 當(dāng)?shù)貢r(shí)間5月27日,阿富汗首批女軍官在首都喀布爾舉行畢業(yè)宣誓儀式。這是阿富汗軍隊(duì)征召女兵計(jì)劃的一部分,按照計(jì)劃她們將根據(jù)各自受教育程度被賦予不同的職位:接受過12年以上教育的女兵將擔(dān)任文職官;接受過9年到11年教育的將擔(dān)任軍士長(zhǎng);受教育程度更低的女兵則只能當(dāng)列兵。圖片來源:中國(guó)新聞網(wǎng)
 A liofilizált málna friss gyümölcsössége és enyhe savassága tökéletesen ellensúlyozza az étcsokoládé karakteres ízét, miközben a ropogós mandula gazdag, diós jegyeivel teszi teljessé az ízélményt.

________________________

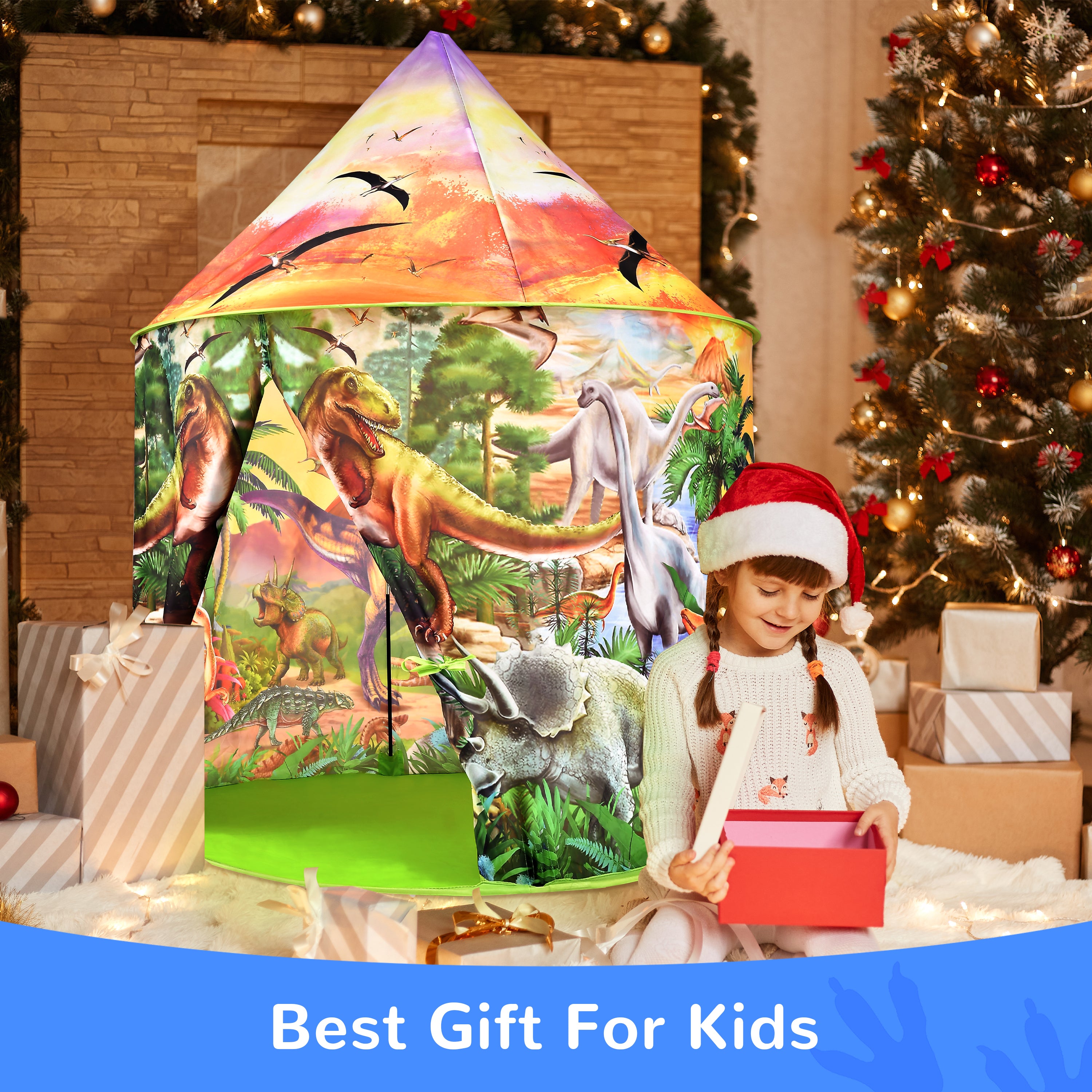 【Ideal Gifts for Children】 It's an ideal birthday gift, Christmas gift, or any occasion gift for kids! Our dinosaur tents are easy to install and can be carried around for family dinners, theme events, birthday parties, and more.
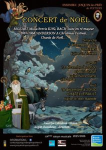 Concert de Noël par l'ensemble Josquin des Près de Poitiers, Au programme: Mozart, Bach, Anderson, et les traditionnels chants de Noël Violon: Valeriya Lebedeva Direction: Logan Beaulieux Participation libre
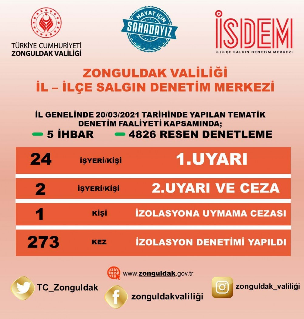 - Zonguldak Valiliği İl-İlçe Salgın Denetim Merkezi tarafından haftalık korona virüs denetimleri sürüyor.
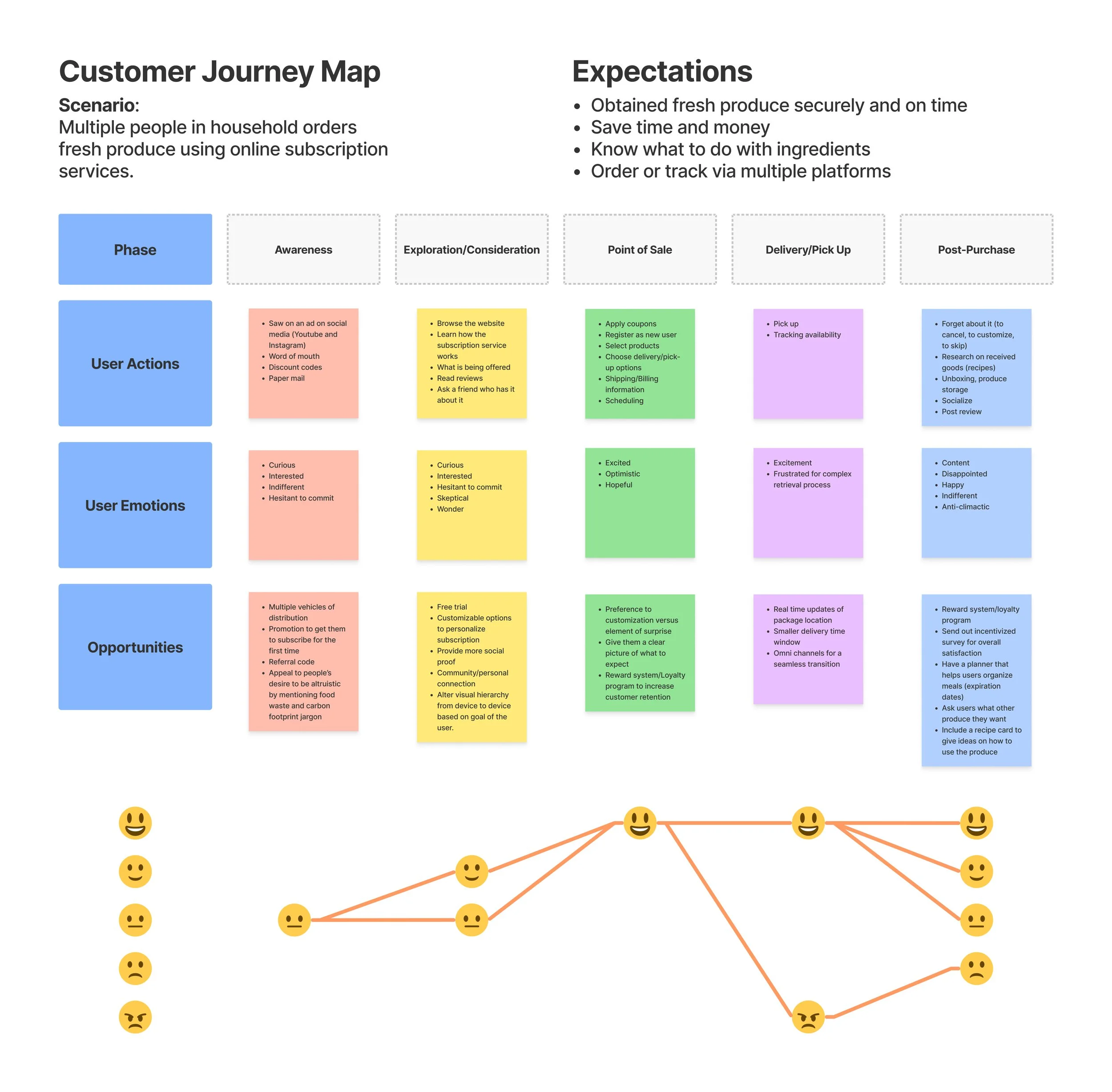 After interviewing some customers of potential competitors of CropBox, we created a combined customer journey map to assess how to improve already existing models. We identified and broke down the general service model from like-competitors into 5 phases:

________________________

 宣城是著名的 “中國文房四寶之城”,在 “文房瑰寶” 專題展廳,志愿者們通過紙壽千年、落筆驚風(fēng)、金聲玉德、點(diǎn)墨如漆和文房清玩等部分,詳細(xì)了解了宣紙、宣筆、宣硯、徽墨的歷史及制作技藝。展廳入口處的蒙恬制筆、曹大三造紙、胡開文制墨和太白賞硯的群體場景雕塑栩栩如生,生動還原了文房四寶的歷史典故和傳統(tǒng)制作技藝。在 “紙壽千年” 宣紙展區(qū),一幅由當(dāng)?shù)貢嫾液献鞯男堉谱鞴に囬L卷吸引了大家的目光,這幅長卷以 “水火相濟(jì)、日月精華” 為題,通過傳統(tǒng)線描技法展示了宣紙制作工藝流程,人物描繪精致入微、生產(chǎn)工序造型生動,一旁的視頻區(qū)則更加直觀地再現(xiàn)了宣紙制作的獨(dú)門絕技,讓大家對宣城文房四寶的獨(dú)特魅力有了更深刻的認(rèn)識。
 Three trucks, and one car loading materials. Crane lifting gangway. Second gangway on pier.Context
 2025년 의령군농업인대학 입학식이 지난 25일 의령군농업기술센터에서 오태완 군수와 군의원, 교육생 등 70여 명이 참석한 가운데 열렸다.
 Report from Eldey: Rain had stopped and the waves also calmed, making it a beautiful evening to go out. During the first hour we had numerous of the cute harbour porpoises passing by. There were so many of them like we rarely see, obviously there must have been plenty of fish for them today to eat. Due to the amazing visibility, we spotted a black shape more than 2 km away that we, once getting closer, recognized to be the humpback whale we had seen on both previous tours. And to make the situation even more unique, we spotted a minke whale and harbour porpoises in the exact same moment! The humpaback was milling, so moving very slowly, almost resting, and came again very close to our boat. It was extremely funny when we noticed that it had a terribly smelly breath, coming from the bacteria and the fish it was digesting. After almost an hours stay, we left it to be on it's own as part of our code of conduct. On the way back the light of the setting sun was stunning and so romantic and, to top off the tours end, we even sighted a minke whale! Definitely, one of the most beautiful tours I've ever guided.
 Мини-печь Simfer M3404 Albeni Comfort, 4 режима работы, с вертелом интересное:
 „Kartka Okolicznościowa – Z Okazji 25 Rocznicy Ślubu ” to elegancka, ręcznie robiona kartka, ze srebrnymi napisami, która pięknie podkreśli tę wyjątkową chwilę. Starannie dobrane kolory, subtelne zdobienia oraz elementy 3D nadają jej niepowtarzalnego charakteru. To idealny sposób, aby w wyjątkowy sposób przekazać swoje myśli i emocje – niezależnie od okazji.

________________________

▶ _REQUIREMENT_: In the listing above, the required lines run from the line with "parties, and more." through the line with "After interviewing some". Output exactly those lines, omitting pictures.

▶ _RESULT OF THE EXERCISE_:
 【Ideal Gifts for Children】 It's an ideal birthday gift, Christmas gift, or any occasion gift for kids! Our dinosaur tents are easy to install and can be carried around for family dinners, theme events, birthday parties, and more.
 Concert de Noël par l'ensemble Josquin des Près de Poitiers, Au programme: Mozart, Bach, Anderson, et les traditionnels chants de Noël Violon: Valeriya Lebedeva Direction: Logan Beaulieux Participation libre
 - Zonguldak Valiliği İl-İlçe Salgın Denetim Merkezi tarafından haftalık korona virüs denetimleri sürüyor.
 After interviewing some customers of potential competitors of CropBox, we created a combined customer journey map to assess how to improve already existing models. We identified and broke down the general service model from like-competitors into 5 phases:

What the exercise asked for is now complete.